- **Given material**:

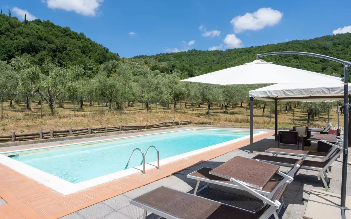 Landhuis "Villa". In het gehucht Londa, 8 km van het centrum van Rufina, 7 km van het centrum van Dicomano, 40 km van het centrum van Firenze, geïsoleerde, verhoogde ligging op een heuvel. Voor medegebruik: terrein 5 ha met bomen, wilde tuin. Prieel, tuinmeubelen, barbecue. Voor alleengebruik: tuin 500 m2, wilde tuin, openluchtzwembad (13 x 5 m, 100 - 250 cm diepte, seizoensgebonden beschikbaarheid: 01.Mei. - 30.Sep.). Douche/WC bij het zwembad, tuinmeubelen. 500 m lange zeer steile toegangsweg. Parkeerplaats op het terrein. Winkel 1 km, supermarkt 6 km, treinstation "Contea" 4 km. Golfterrein (18 holes) 30 km, manege 5 km. De eigenaar woont op hetzelfde terrein. Vanwege een zeer smalle bocht bergopwaarts niet alle bestelwagens en multivans met wielbasis meer dan 2,95 meter zijn toegestaan, alle auto's met een wielbasis tot 2,95 meter zijn toegestaan.
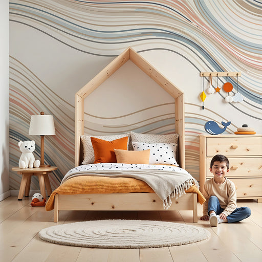 KidsWallTransformér babyrommet med denne tapetet for barnerom med bølgende mønstre som bringer frem følelsen av mykhet og ro. De flytende linjene og de del...
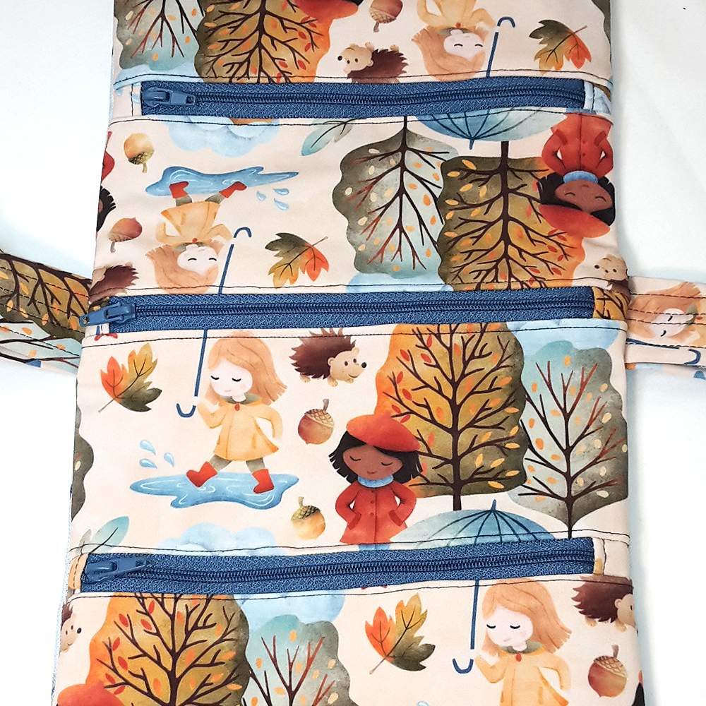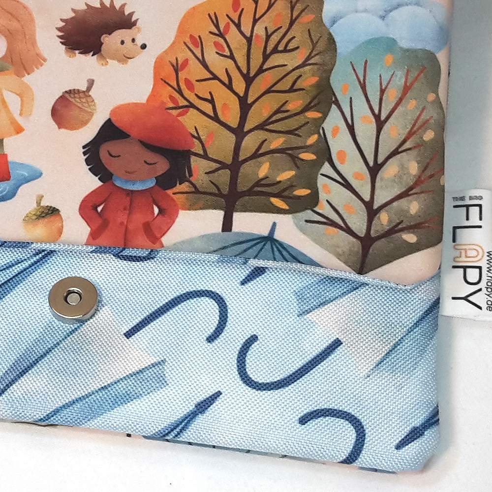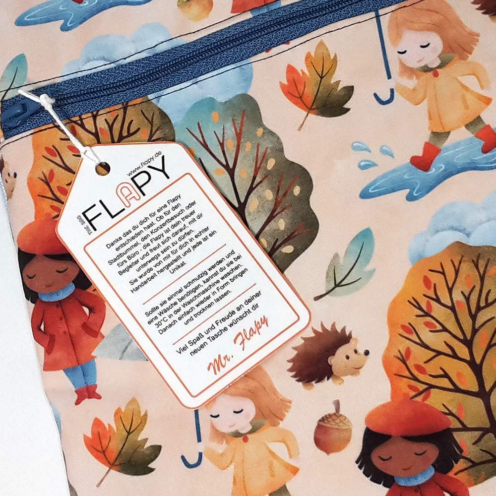 Diese Umhängetasche Flapy zeigt als Motiv süße Mädchen im Herbst mit Regenschirm, Eicheln und Igeln. Die Oberfläche aus Softshell macht die Tasche für den Herbst wasserabweisend und somit wetterunempfindlich. Ob als Geschenk oder zum selber tragen – mit dieser Schultertasche in tollem Design sind alle wichtigen Utensilien wie Portemonait, Schlüssel, Handy oder Regenschirm sicher, übersichtlich und schnell griffbereit verstaut. Sie ist besonders geeignet für den Einkauf, Stadtbummel, den Konzertbesuch oder den täglichen Gebrauch im Büro.
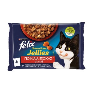 Wet food sachet for Cats. FELIX As Good As It Looks is a range of delicious meals that look and smell like the meat you've cooked yourself. They are specially prepared with real, tender cuts of meat in a juicy jelly so your cat will find every meal irresistible. FELIX As Good As It Looks comes in a wide range of fish and meat flavours to satisfy your cat's love of variety. But that's not all! These delectable meals are a source of essential Omega 6 fatty acids and have the right combination of balanced minerals and vitamins so that, when offered according to the package's dietary guidelines, they will meet 100% of your cat's daily needs. Vitamins D & E. Source of Omega 6 fatty acids. Made with quality ingredients. Delicious meal. Variety of meat or fish flavors.

- **Assigned task**:
Reproduce the whole listing exactly, but not the images in it.

- **Reply**:
 Landhuis "Villa". In het gehucht Londa, 8 km van het centrum van Rufina, 7 km van het centrum van Dicomano, 40 km van het centrum van Firenze, geïsoleerde, verhoogde ligging op een heuvel. Voor medegebruik: terrein 5 ha met bomen, wilde tuin. Prieel, tuinmeubelen, barbecue. Voor alleengebruik: tuin 500 m2, wilde tuin, openluchtzwembad (13 x 5 m, 100 - 250 cm diepte, seizoensgebonden beschikbaarheid: 01.Mei. - 30.Sep.). Douche/WC bij het zwembad, tuinmeubelen. 500 m lange zeer steile toegangsweg. Parkeerplaats op het terrein. Winkel 1 km, supermarkt 6 km, treinstation "Contea" 4 km. Golfterrein (18 holes) 30 km, manege 5 km. De eigenaar woont op hetzelfde terrein. Vanwege een zeer smalle bocht bergopwaarts niet alle bestelwagens en multivans met wielbasis meer dan 2,95 meter zijn toegestaan, alle auto's met een wielbasis tot 2,95 meter zijn toegestaan.
 KidsWallTransformér babyrommet med denne tapetet for barnerom med bølgende mønstre som bringer frem følelsen av mykhet og ro. De flytende linjene og de del...
 Diese Umhängetasche Flapy zeigt als Motiv süße Mädchen im Herbst mit Regenschirm, Eicheln und Igeln. Die Oberfläche aus Softshell macht die Tasche für den Herbst wasserabweisend und somit wetterunempfindlich. Ob als Geschenk oder zum selber tragen – mit dieser Schultertasche in tollem Design sind alle wichtigen Utensilien wie Portemonait, Schlüssel, Handy oder Regenschirm sicher, übersichtlich und schnell griffbereit verstaut. Sie ist besonders geeignet für den Einkauf, Stadtbummel, den Konzertbesuch oder den täglichen Gebrauch im Büro.
 Wet food sachet for Cats. FELIX As Good As It Looks is a range of delicious meals that look and smell like the meat you've cooked yourself. They are specially prepared with real, tender cuts of meat in a juicy jelly so your cat will find every meal irresistible. FELIX As Good As It Looks comes in a wide range of fish and meat flavours to satisfy your cat's love of variety. But that's not all! These delectable meals are a source of essential Omega 6 fatty acids and have the right combination of balanced minerals and vitamins so that, when offered according to the package's dietary guidelines, they will meet 100% of your cat's daily needs. Vitamins D & E. Source of Omega 6 fatty acids. Made with quality ingredients. Delicious meal. Variety of meat or fish flavors.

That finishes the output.